In more common physics notation, this is just the claim that a vector field obeys $$ V^{\mu} = \frac{\partial y^\mu}{\partial x^\nu}V^\nu $$ for a coordinate transformation $x\mapsto y(x)$, which is more or less the definition of a vector field.
Relativity teaches us that the physics should be independent of our choice of coordinate system, so the (physical) fields don't actually change under (mathematical) coordinate transformations. What the transformations laws for tensor fields are really describing is not how the fields themselves change, but rather how the components of a field expressed in a particular basis change according to how you change the basis you're using to represent the field. In other words, the value of a field at a given point is going to be the same regardless of whether you call that point $x$ or $x'$, since your still talking about the same point.
I recently learned that the transformation matrices of fields under translations and Lorentz transformations form representations of the Poincaré group, whose properties can be obtained by studying the corresponding Lie algebra.
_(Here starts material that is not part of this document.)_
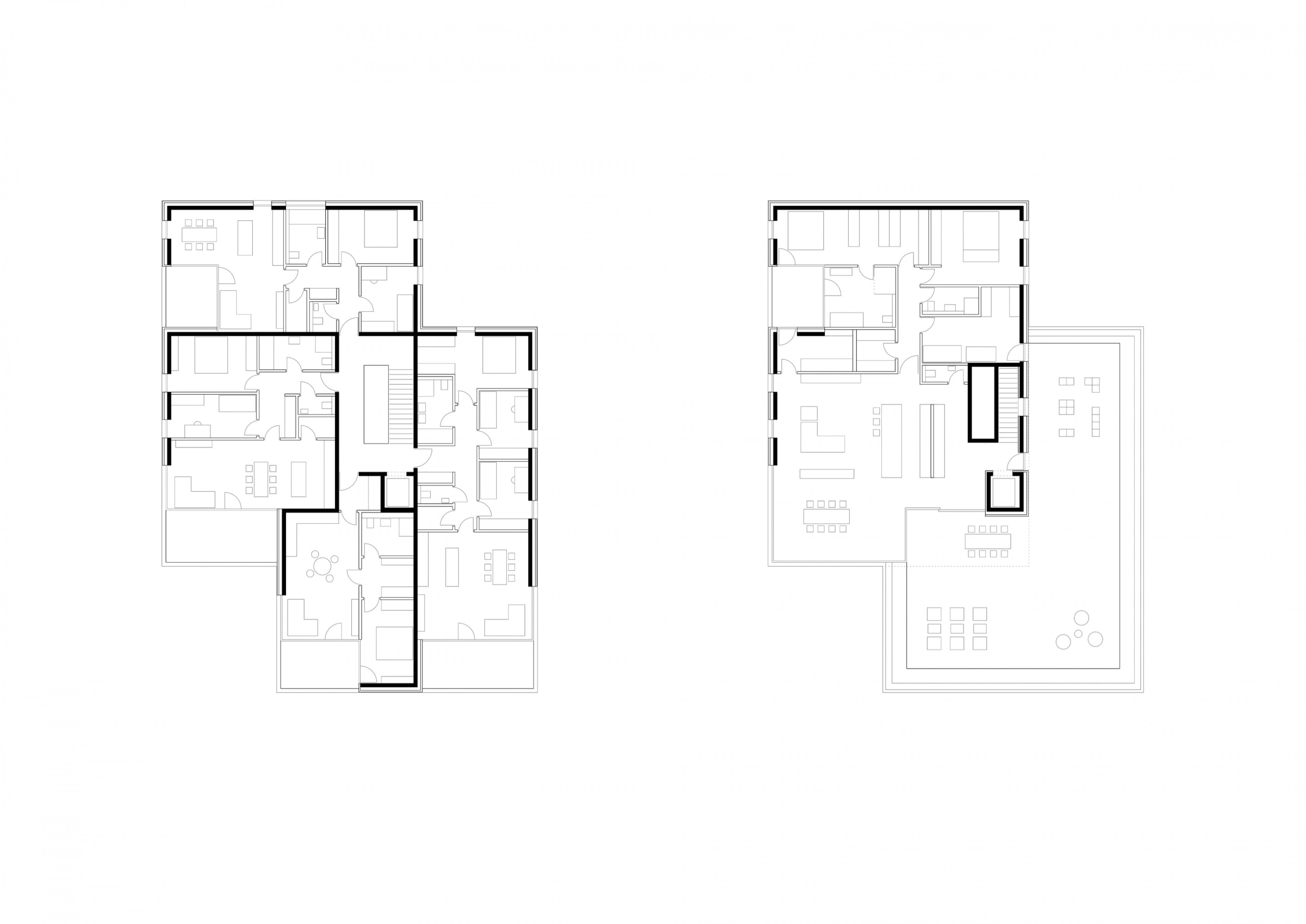 Als Antwort auf die bestehende Umgebung fügt sich ein gegliederter Baukörper in den Hang, der im Besonderen auf Topographie und Körnung der Umgebung reagiert. Dabei verbinden sich zwei wohlproportionierte und in der Höhe gestaffelte Kuben zu einem ortsverträglichen Baukörper zusammen. Dieser tritt auf Grund der Hanglage drei- bzw. viergeschossig in Erscheinung.

Different irreducible representation results into different field, such as scalar, spinor, vector fields and so on.
An infinitesemal translation can be written as $$ \phi_i'(x')=[\exp(-\mbox i a^\mu P_\mu)]_{ij} \phi_j(x), $$ where $P_\mu$ is the generator for translation. In representation for scalar fields, $P_\mu=0$. So actually $\phi'(x')=\phi(x)$. But I don't know what it is for other fields.